Additional metadata extracted during the tagging process, such as parties, dates, and key terms, enrich search relevance. Cognitive technologies even summarize contents, generate topic clusters, and produce a high-dimensional embedding vector for each document to capture nuanced relationships between concepts. This level of semantic understanding allows for more precise search results across billions of documents.
Intelligent Automation
The biggest opportunity lies in leveraging a content taxonomy to power the next generation of intelligent automation solutions. By defining how different document types should be structured, cognitive agents are trained to automatically extract critical insights from any ingested content.
For instance, agents process Service Agreements according to the predefined schema would know to look for fields like Contract Number, Parties, Effective Date, Expiration Date, Payment Terms, etc, and then populate your CRM, procurement, or contract lifecycle system with this critical data without manual data entry.
Additional agents monitor for specific trigger events like approaching expiration dates to initiate renewal workflows or address non-compliance issues.

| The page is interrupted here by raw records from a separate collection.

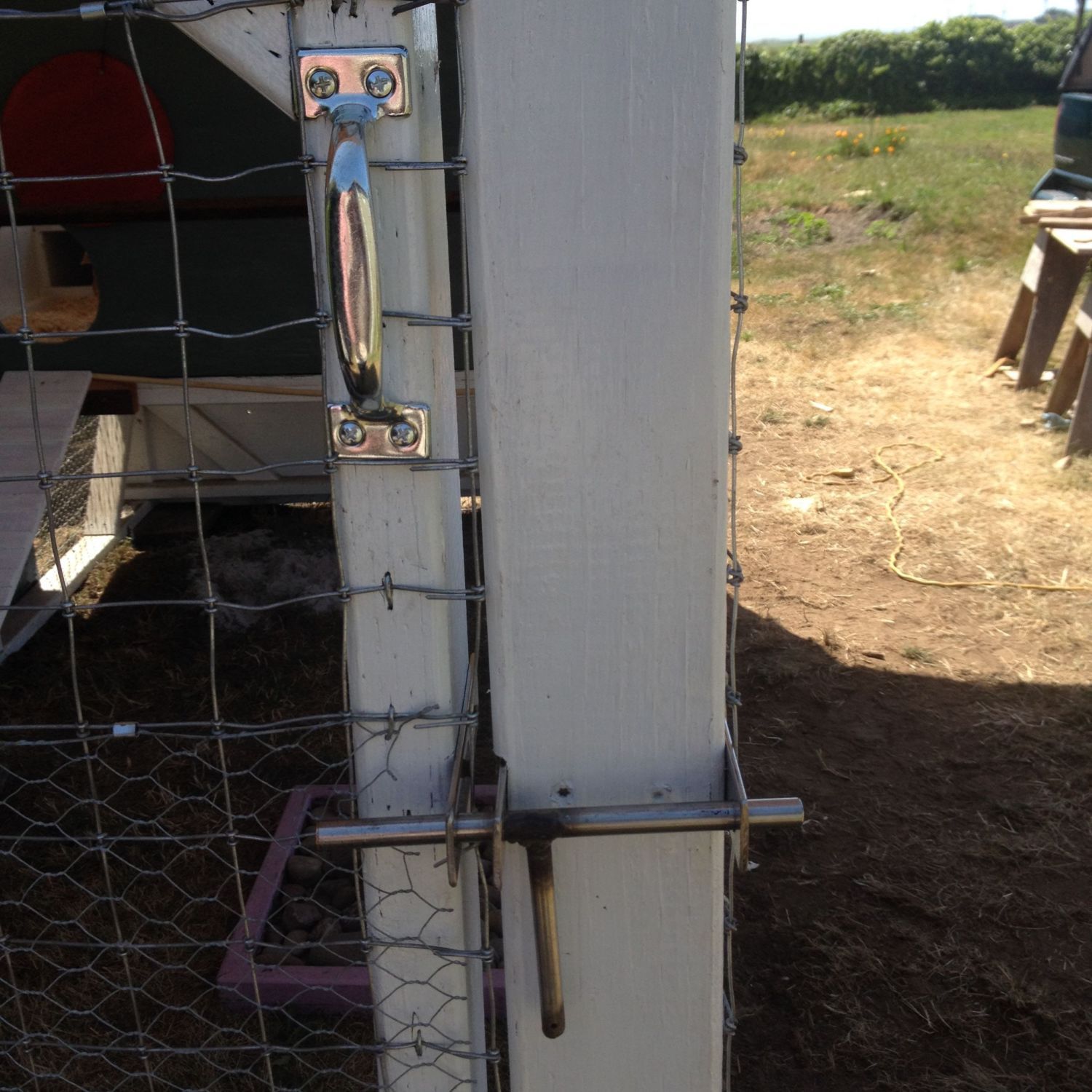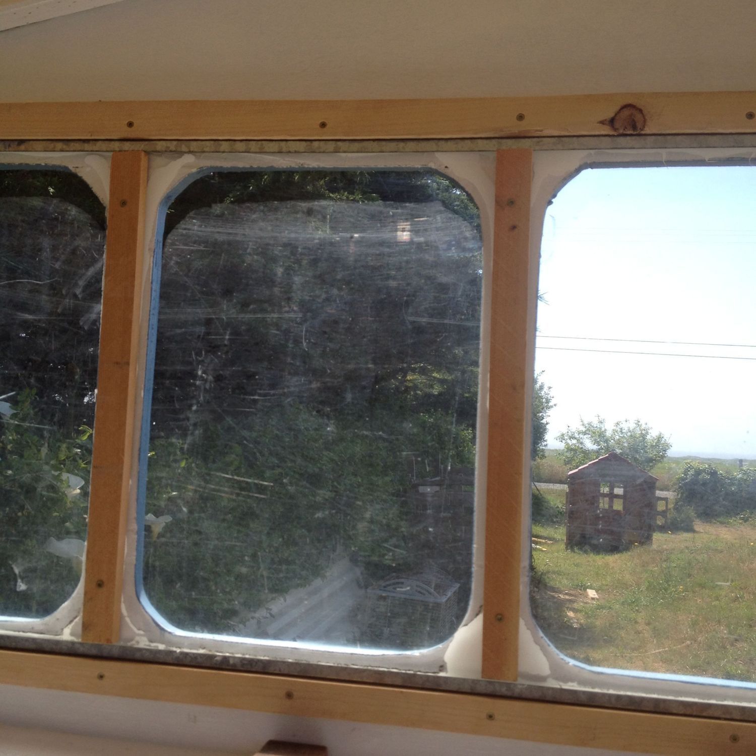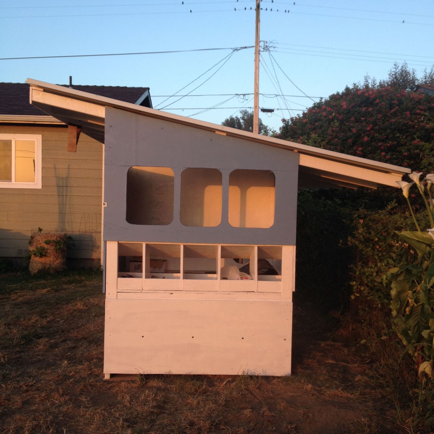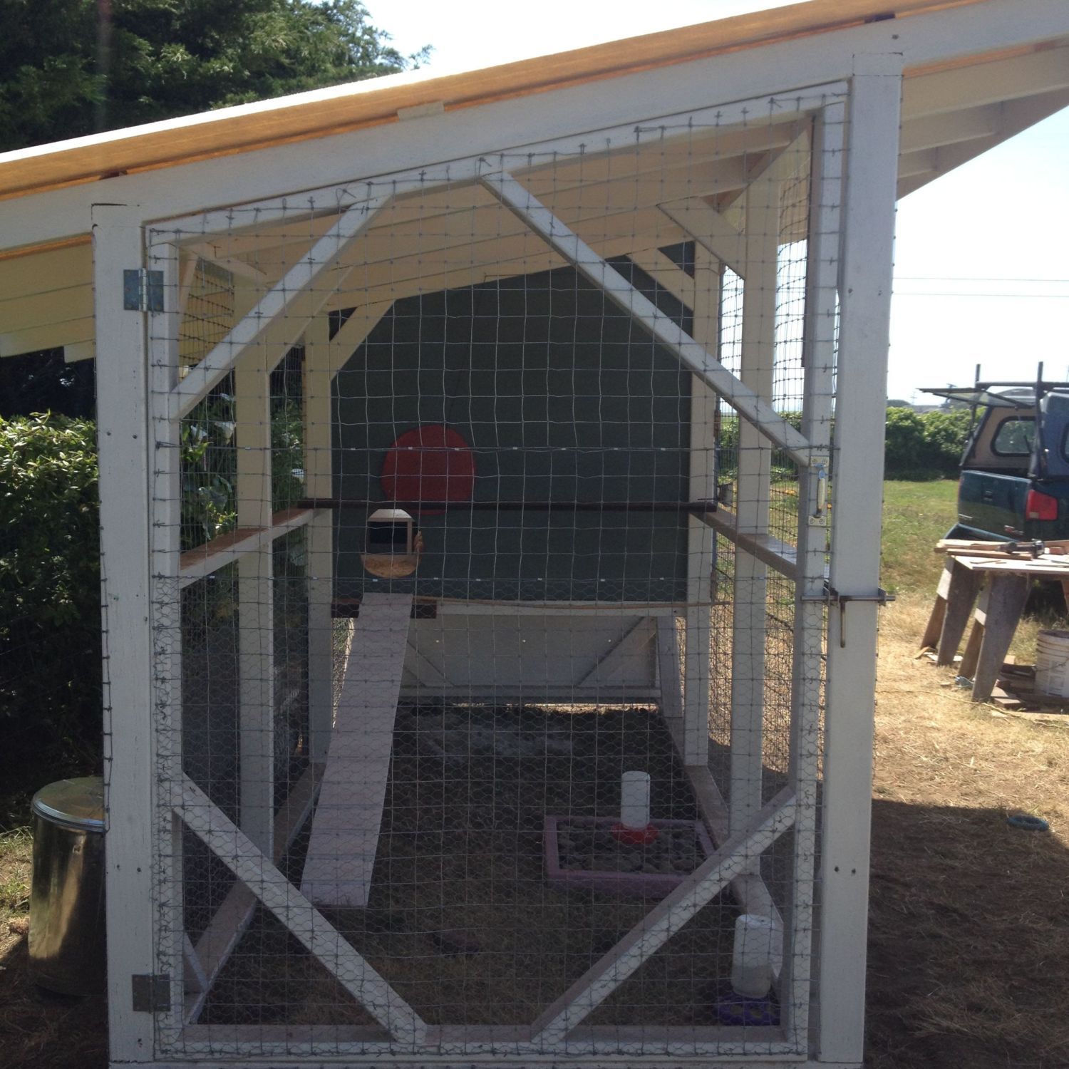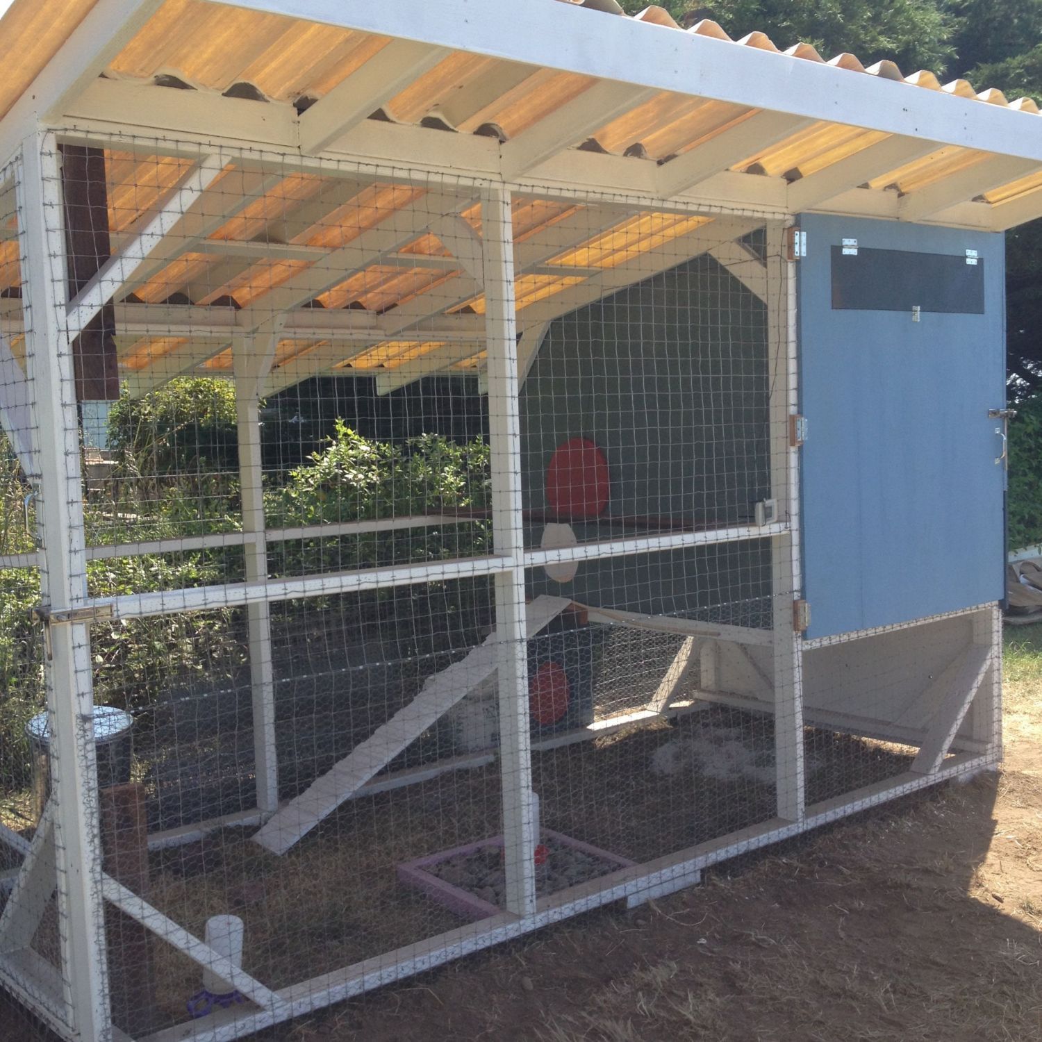 The chickens have a view of the ocean, which cannot be seen with my camera. This should really be my sun room instead.
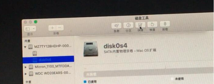 选择你要安装系统的硬盘。点击窗口顶部的抹除。
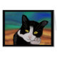 Grafische Illustration des Smokings die Katze, die gegen den dunkelgrünen und orange Horizont sich entspannt.
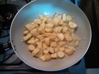 1 - Descascar as mandioquinhas e cortar em pedaços médios a pequenos
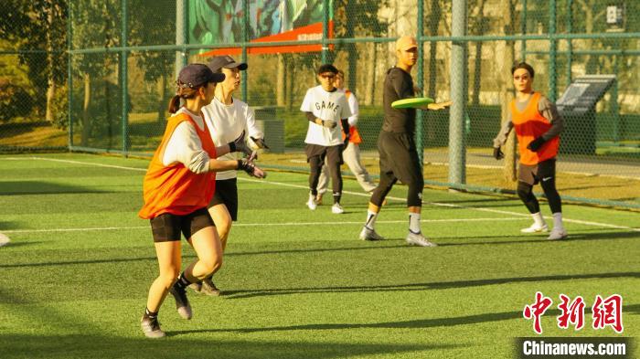 中新网西安5月1日电 (记者 党田野)“我们队员里有乐手、白领、老师等职业,只要大家有时间,肯定会聚在一起练习飞盘,毕竟这是一项令人‘上瘾’的运动。”超光速飞盘队西安分部队长葛新在接受记者采访时表示,随着气温攀升,他和队友们的飞盘训练开始了一周多练模式。 葛新介绍,飞盘运动最早在欧美地区流行,由于上手快、对抗性不高,使其迅速成为老少咸宜的家庭运动。近年来,飞盘运动在北京、上海、西安等中国城市迅速发展,越来越多的人开始接触飞盘运动。
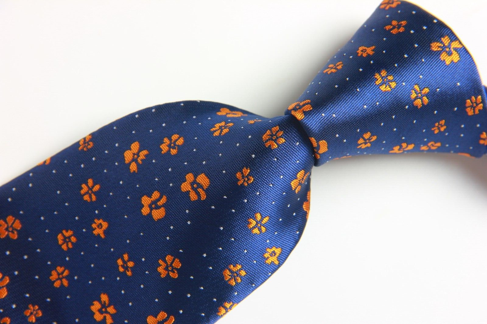 Classic Floral Polka Dot Blue Orange JACQUARD WOVEN 100 Silk Men's Necktie Tie
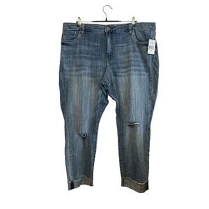 Kut From The Kloth High Rise Ankle Straight Leg Jeans Size 20W Blue Rips NWT
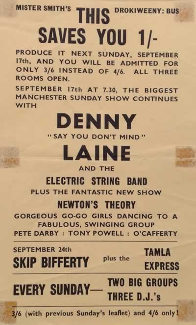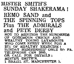 The second date with my late wife was at Mr Smiths to see Los Zafiros just after easter 1965. Glad my heyday was the 60's.The Manchester club scene was fantastic in those days....!
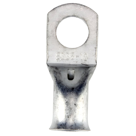 Securely connect your 35mm² battery cable with this high-quality 10mm ring terminal. Made from tinned copper for excellent conductivity and corrosion resistance. Suitable for both soldering and crimping.
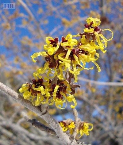 The Asian species of witch hazel (H. japonica from Japan and H. mollis from China) have been crossed by hybridizers to create spectacular cultivars, termed H. x intermedia. All bloom in late winter/early spring, after the vernal witch hazel. These vase-shaped shrubs are hardy to Zone 5, grow 15-20 feet high, and have a wide range of flower color and autumn leaf color. H.'Arnold Promise' is a cultivar introduced by the Arnold Arboretum. It has large, fragrant yellow flowers, each petal nearly an inch long, and a bloom time that is among the latest of all witch hazels. H. 'Diane' is considered the reddest of the red-flowering types. H.'Jelena' offers flowers with inch-long petals that are red at the base, orange in the middle and yellow at the tips. The overall effect from a distance is of glowing copper. Fall leaf color is rich orange-red. The number of H. x intermedia cultivars is staggering – your main problem will be in settling on which one to choose.

The taxonomy provides a common framework for agents to interact with and leverage insights from diverse content sources for automated process orchestration.
Example Implementation
To demonstrate how this may work in practice, let’s examine a sample legal document taxonomy:
- Legal Data
- Contracts
- Services Agreements
- NDAs
- Partnership Agreements
- Policies
- Data Privacy Policies
- Information Security Policies
- Compliance Reports
- Audit Reports
- Risk Assessment Reports
Now consider a scanned paper contract ingested into the system. Using optical character recognition, it is converted to machine-readable text. The cognitive engine analyzes language patterns and structural elements to recognize it as a legal document containing specific fields like parties, dates, and confidentiality clauses.
It is automatically classified under the “Legal” top-level tag with a sub-type of “Service Agreement.” Key entities, such as company names, individuals, locations, and dates, are extracted. The full text is indexed, while specific fields are structured to populate a CRM. An agent monitoring for expiring contracts sees this one will end in 6 months and schedules renewal reminders.
Users can now find this agreement between the two parties for enterprise search by filtering for the extracted metadata rather than full-text search. The taxonomy allows for more precise classification, retrieval, and automated actions on the content over its entire lifecycle.
Automation today
As organizational data volume and sources continue diversifying, traditional approaches are no longer feasible for effective governance, discovery, and use. A standardized content tagging taxonomy provides the schema for cognitive technologies to understand, process, and leverage this information at scale through machine-readable structures.
Critical data management functions around retention, search, and intelligent automation are achieved by classifying content upfront according to expected document types and attributes. This reduces costs while improving compliance, discovery, and insights. The taxonomy serves as a common framework for both humans and intelligent agents to interact with diverse information sources in a consistent, semantically aware manner. Overall, it establishes the machine-readable foundation for next-generation data-driven organizations.